Vanities, A New Musical is a musical with music and lyrics by David Kirshenbaum and a book by Jack Heifner, based on the book and 1976 play of the same name. The musical premiered Off-Broadway in 2009, after an engagement at the Pasadena Playhouse, California in 2008. A revised version was then staged in the West End in 2016.

Production history
Vanities, A New Musical opened at the Pasadena Playhouse, California on August 22, 2008. Music and lyrics were written by David Kirshenbaum, and the book by Jack Heifner with direction by Judith Ivey and choreography by Dan Knechtges. Lauren Kennedy (as Mary), Sarah Stiles (as Joanne) and Anneliese van der Pol (as Kathy) played the three former Texas cheerleaders. Prior to the Pasadena production, the musical was originally produced at TheatreWorks in Palo Alto, California from June–July 2006, directed by Gordon Greenberg, which won the Bay Area Theatre Critics Circle Award for Best Production. The Palo Alto production starred Leslie Kritzer as Kathy, Megan Hilty as Mary, and Stiles as Joanne.

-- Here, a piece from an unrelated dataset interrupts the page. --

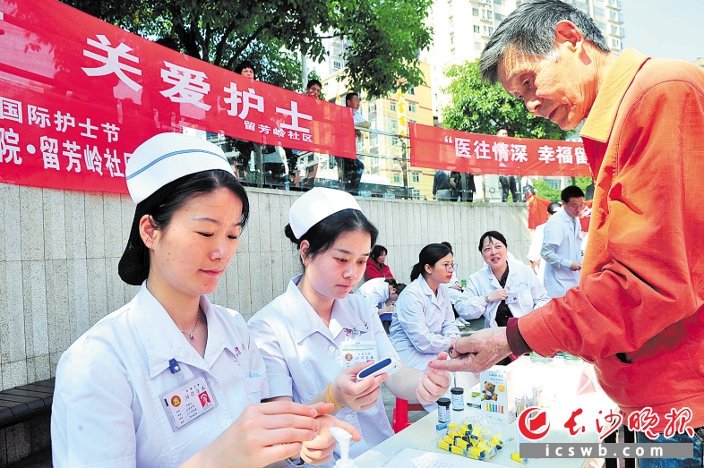 昨日是“5·12”国际护士节,开福区湘雅路街道留芳岭社区联合湘雅医院,开展“医往情深 幸福留芳”大型义诊活动,湘雅医院的医生、护士来到留芳岭社区为居民义诊。当日,湖南省儿童医院260余名护理工作者来到橘子洲公园开展“红五月、天使行”拓展活动,以演练与游戏相结合的方式,提升护士的实战技能。连日来,湖南省人民医院、湖南省肿瘤医院、湖南中医药大学第一附属医院等多家医院组织各种活动纪念护士节。 长沙晚报记者 贺文兵 唐江澎 通讯员 李旭 摄影报道

The musical's original Broadway premiere, scheduled for February 2009 at the Lyceum Theatre, was postponed. Producer Sue Frost stated: "We're a victim of history, and the show will go on, and we are regrouping."

The musical premiered Off-Broadway at Second Stage Theatre on July 2, 2009 in previews, and officially opened on July 16, 2009. Performances  continued through August 9, 2009. The original cast starred Anneliese van der Pol as Kathy, Lauren Kennedy as Mary, and Sarah Stiles as Joanne. This was same cast and creative team from the Pasadena Playhouse.

Michael A. Jenkins, producer of the musical, stated that a Broadway run isn't likely but a touring production in late 2010 or early 2011, including a stop at the Majestic Theatre in Dallas, is "quite likely," as is a simultaneous run in London.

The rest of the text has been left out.